We always run through the bakery and pick up a free cookie before we head to the check-out line. Since I am obsessive about the order of the items on the conveyor belt, I usually spend some time putting all the heavy items into one cart, and all the produce, chips and bread into the other. Then we put everything on the counter, pay, and spend time bagging the groceries (something I am equally obsessive about).
While waiting in line, Ms Action looked up at the vaulted ceiling and said “How did a strawberry get up there?” Ms Drama looked up and bounced excitedly “A strawberry! Look mom, a strawberry!” she pointed up. The check out girl looked puzzled, and we both looked up and saw that they were pointing at a lone helium balloon, trapped against the ceiling. It was shaped like a strawberry. The older girls interest moved on, but my 2 year old stayed focused.
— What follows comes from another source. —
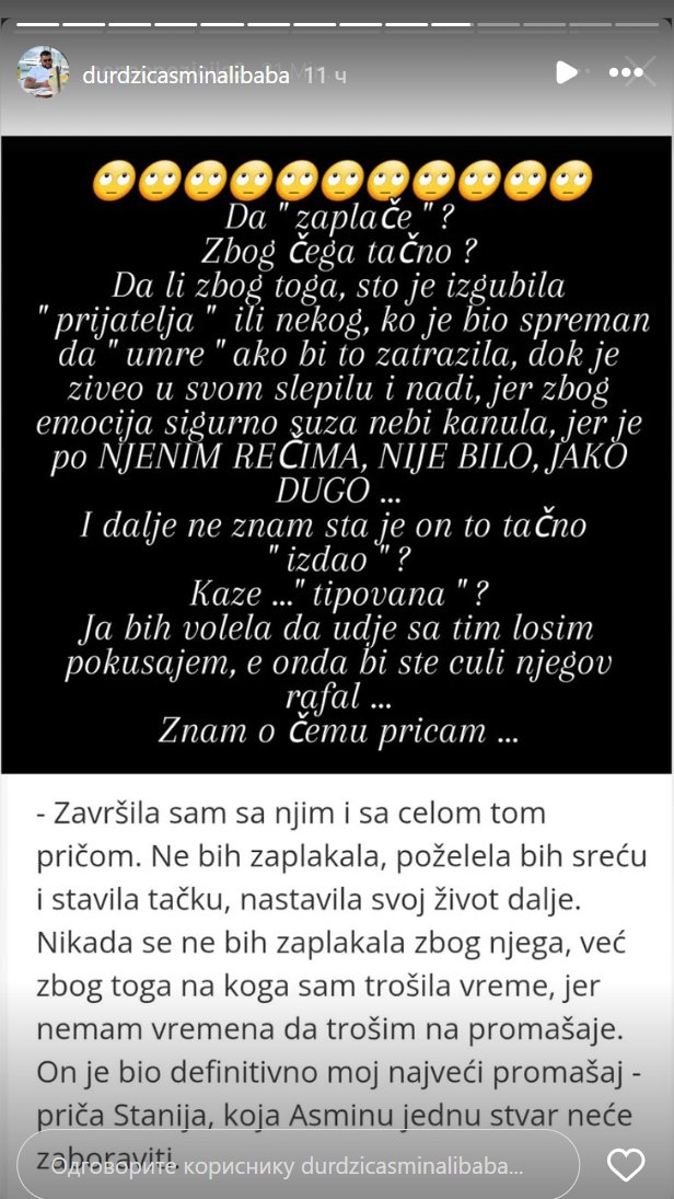 Povodom toga oglasili su se Asminovi fanovi koji mu sada vode Instagram profil i poslali bivšoj snajki brutalnu poruku.

She stared at the ceiling in awe, pointing at the balloon and whispering “stwawbewwy” to herself. “Mom! Mom! Wook at the stwawbewwy!” She yelled delightedly again and again. Everyone around us was smiling by now. Clearly Ms Pooky’s entire day was being made by this special balloon. A smile nearly split her face open as she hung her head back as far as it would go, staring at the strawberry with gleaming eyes.We finished bagging the groceries, and it was time to go. As we pushed the carts towards the door, Ms Pooky leaned out of the cart, waving and saying goodbye to her beloved strawberry. Then she blew a kiss and said “See you later!”.
As we drove home, I was somewhat melancholy. I continued to think about how fast life goes. How fast we lose that childhood wonder to the serious worries and problems of the adult world.
We waited at a stop light and suddenly a huge bright red motorcycle pulled alongside us, music blaring. I looked over and had to smile. There was a little middle aged man perched on the motorcycle, black helmet, white moustache, leather jacket. And he was dancing. J. Lo blared from his motorcycle stereo, and the little man bounced up and down singing along with the music “If you’re an animal then tear up the floor, break a sweat on the floor, on the floor.” He patted his handle bars and moved his double chin up and down “Don’t stop keep it movin’ put your drinks up!” The light changed, and just as the radio blasted “Dance the night away” he vroomed off, speeding quickly ahead of the near bye cars.
And he was adorable.
He was made as happy by his red motorcycle as my baby had been by a red balloon. Do we ever really grow out of that ability to be in awe of the goodness of life? I hope to hang onto that happiness, and pass it on to my toddlers, as they grow into children, and then teenagers. Until they are adorable middle aged people who dance to J Lo, and on into old age. I know I’ll be in awe of them and in love with them through all the stages. And I hope that they will be able to live in awe of life, and in love with living.